Examples of Fastener Business in a sentence
At least five business days prior to the Closing Date, the Parent shall deliver to the Buyer Schedule 2.10 which shall set forth for each receivable of the Fastener Business as of the close of business on the immediately preceding Friday, the name of the payor, the date the receivable was booked by the Fastener Business, the original amount of the receivable, the date the receivable was or is due and the amount of the receivable on such Friday.
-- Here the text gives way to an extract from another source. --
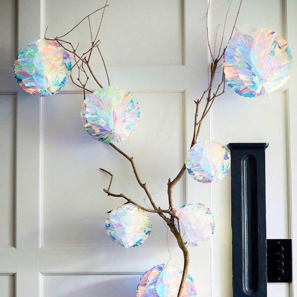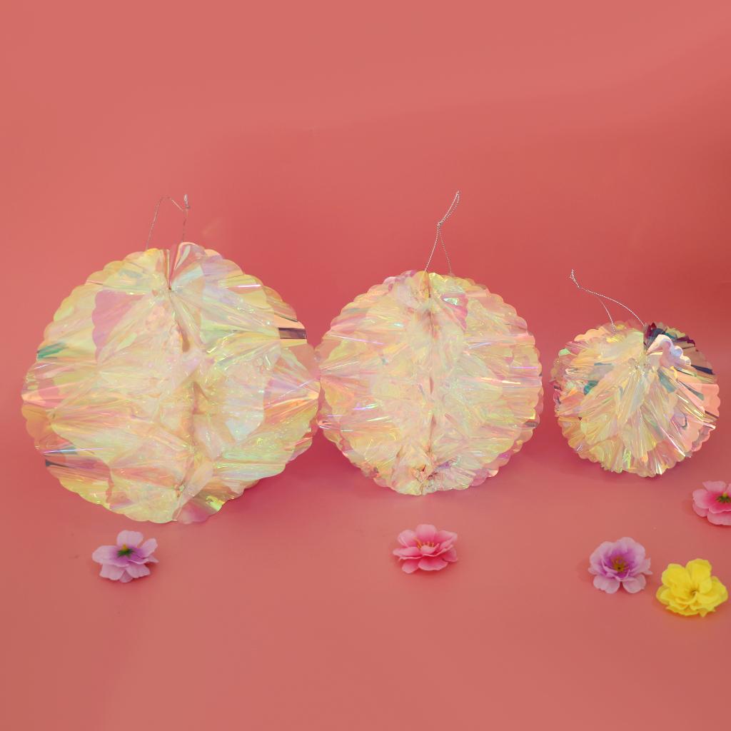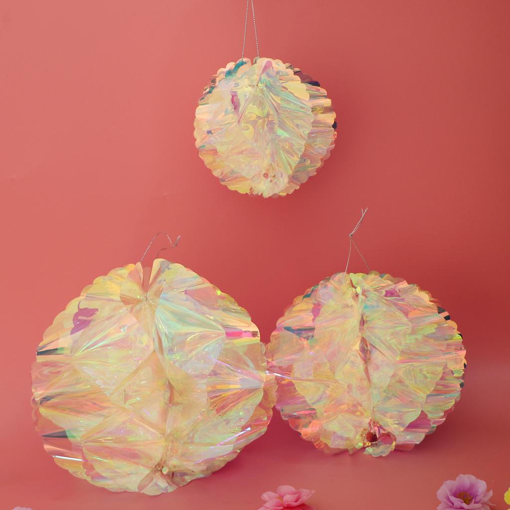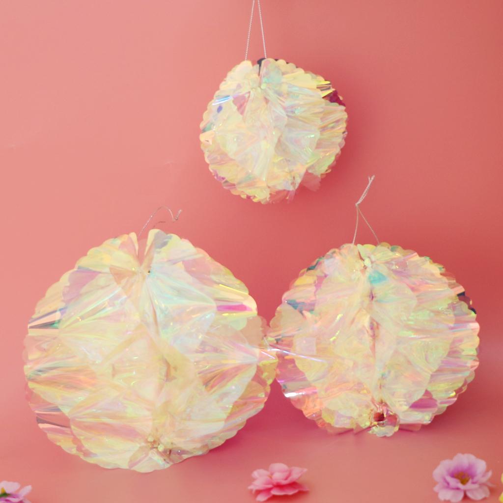 Rainbow film gradient plastic flower ball pendant, very beautiful, like a crystal ball.

Schedule 3.26 includes copies of the standard terms and conditions of sale or lease for the products of the Fastener Business (containing applicable guaranty warranty and indemnity provisions).
The Buyer shall pay or cause to be paid, on a timely basis, all Taxes due with respect to the Tax liability of the Fastener Business Assets and the Transferred Fastener Subsidiaries for taxable periods beginning after the Closing Date and the portion of any Straddle Period beginning on the day after the Closing Date.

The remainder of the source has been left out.